The problem is shadow VQ is the only solution that can works for all the cases.

>
> For us, the point to deploy vDPA for legacy guest is the acceleration
> (what "A" stands for in "vDPA") part of it so that we can leverage the
> hardware potential if at all possible. Not sure how the shadow VQ
> implementation can easily deal with datapath acceleration without losing
> too much performance?

It's not easy, shadow VQ will lose performance for sure.

>
> > So assuming we depend on the vendor, I don't see anything that is
> > strictly needed in the kernel, the kick or config access before
> > DRIVER_OK can all be handled easily in Qemu unless I miss something.
> Right, that's what I think too it's not quite a lot of work in the
> kernel if vendor device offers the aid/support for transitional. The
> kernel only provides the abstraction of device model (transitional or
> modern-only), while vendor driver may implement early platform feature
> discovery and apply legacy specific quirks (unsupported endianness,
> mismatched page size, unsupported host memory ordering model) that the
> device can't adapt to. I don't say we have to depend on the vendor, but
> the point is that we must assume fully spec compliant transitional
> support (the datapath in particular) from the vendor to get started, as
> I guess it's probably the main motivation for users to deploy it -
> acceleration of legacy guest workload without exhausting host computing
> resource. Even if we get started with shadow VQ to mediate and translate
> the datapath, eventually it may evolve towards leveraging datapath
> offload to hardware if acceleration is the only convincing use case for
> legacy support.

Yes, so as discussed, I don't object the idea, kernel patches are more
than welcomed.

Thanks

>
> Thanks,
> -Siwei
> > The only value to do that in the kernel is that it can work for
> > virtio-vdpa, but modern only virito-vpda is sufficient; we don't need
> > any legacy stuff for that.
> >
> > Thanks
> >
> >> Thanks,
> >> -Siwei
> >>
> >>> Thanks
> >>>
> >>>
> >>>
> >>>> Meanwhile, I'll check internally to see if a legacy only model would
> >>>> work.

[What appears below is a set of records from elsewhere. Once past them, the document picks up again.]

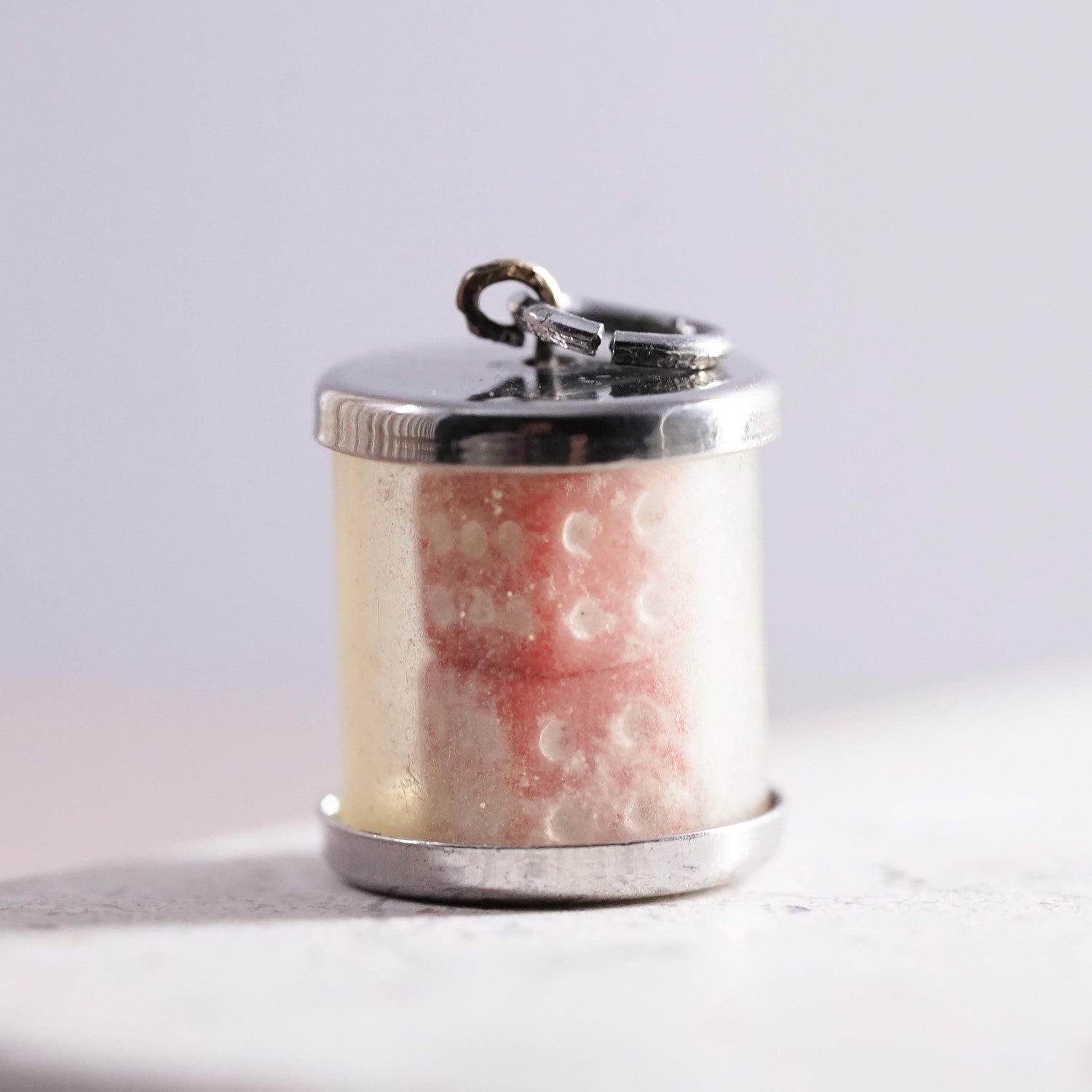Vintage Sterling silver handmade pendant, 925 red dice charm, stamped Ster
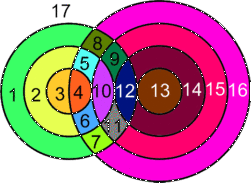 集合(K,z)是以点(z,0)为圆心,分别以1、2、………K 为半径画出的同心圆。在平面上画了一个(N,x)集和一个(M,y)集,你必须找出这些集合把平面分成了多少部分。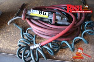 2 x AIR OPERATED IMPACT WRENCHES; 1 x AIR OPERATED GRINDER, WITH LENGTH OF AIR HOSE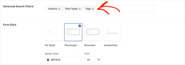 بسته به طرحبندی و نوع فرمی که میخواهید ایجاد کنید، ممکن است لازم باشد برخی از تنظیمات «Custom Styling» را فعال و غیرفعال کنید. به عنوان مثال، اگر می خواهید فرمی ایجاد کنید که بر اساس دسته بندی جستجو می کند، برای فعال کردن کلید «Custom Styling» کلیک کنید.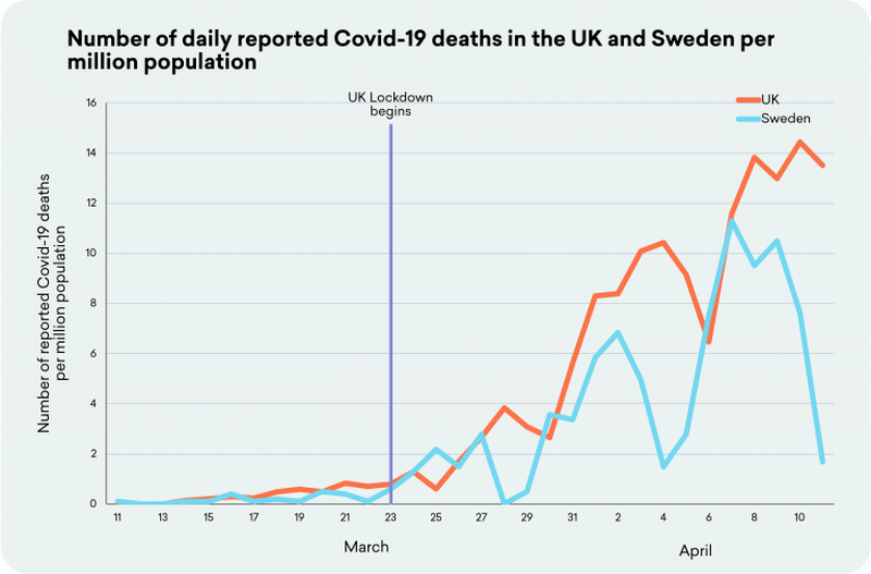 Fewer people per capita have died “of coronavirus” in Sweden than in the United Kingdom, despite the latter’s enforcement of a lockdown.

Thanks.
> >>>>
> >>>> Thanks,
> >>>> -Siwei
> >>>>
> >>>>
> >>>>>>>> On 3/2/2021 2:53 AM, Jason Wang wrote:
> >>>>>>>>> On 2021/3/2 5:47 下午, Michael S. Tsirkin wrote:
> >>>>>>>>>> On Mon, Mar 01, 2021 at 11:56:50AM +0800, Jason Wang wrote:
> >>>>>>>>>>> On 2021/3/1 5:34 上午, Michael S. Tsirkin wrote:
> >>>>>>>>>>>> On Wed, Feb 24, 2021 at 10:24:41AM -0800, Si-Wei Liu wrote:
> >>>>>>>>>>>>>> Detecting it isn't enough though, we will need a new ioctl to notify
> >>>>>>>>>>>>>> the kernel that it's a legacy guest. Ugh :(
> >>>>>>>>>>>>> Well, although I think adding an ioctl is doable, may I
> >>>>>>>>>>>>> know what the use
> >>>>>>>>>>>>> case there will be for kernel to leverage such info
> >>>>>>>>>>>>> directly? Is there a
> >>>>>>>>>>>>> case QEMU can't do with dedicate ioctls later if there's indeed
> >>>>>>>>>>>>> differentiation (legacy v.s. modern) needed?
> >>>>>>>>>>>> BTW a good API could be
> >>>>>>>>>>>>
> >>>>>>>>>>>> #define VHOST_SET_ENDIAN _IOW(VHOST_VIRTIO, ?, int)
> >>>>>>>>>>>> #define VHOST_GET_ENDIAN _IOW(VHOST_VIRTIO, ?, int)
> >>>>>>>>>>>>
> >>>>>>>>>>>> we did it per vring but maybe that was a mistake ...
> >>>>>>>>>>> Actually, I wonder whether it's good time to just not support
> >>>>>>>>>>> legacy driver
> >>>>>>>>>>> for vDPA. Consider:
> >>>>>>>>>>>
> >>>>>>>>>>> 1) It's definition is no-normative
> >>>>>>>>>>> 2) A lot of budren of codes
> >>>>>>>>>>>
> >>>>>>>>>>> So qemu can still present the legacy device since the config
> >>>>>>>>>>> space or other
> >>>>>>>>>>> stuffs that is presented by vhost-vDPA is not expected to be
> >>>>>>>>>>> accessed by
> >>>>>>>>>>> guest directly. Qemu can do the endian conversion when necessary
> >>>>>>>>>>> in this
> >>>>>>>>>>> case?
> >>>>>>>>>>>
> >>>>>>>>>>> Thanks
> >>>>>>>>>>>
> >>>>>>>>>> Overall I would be fine with this approach but we need to avoid breaking
> >>>>>>>>>> working userspace, qemu releases with vdpa support are out there and
> >>>>>>>>>> seem to work for people. Any changes need to take that into account
> >>>>>>>>>> and document compatibility concerns.
> >>>>>>>>> Agree, let me check.
> >>>>>>>>>
> >>>>>>>>>
> >>>>>>>>>>       I note that any hardware
> >>>>>>>>>> implementation is already broken for legacy except on platforms with
> >>>>>>>>>> strong ordering which might be helpful in reducing the scope.
> >>>>>>>>> Yes.
> >>>>>>>>>
> >>>>>>>>> Thanks
> >>>>>>>>>
> >>>>>>>>>
>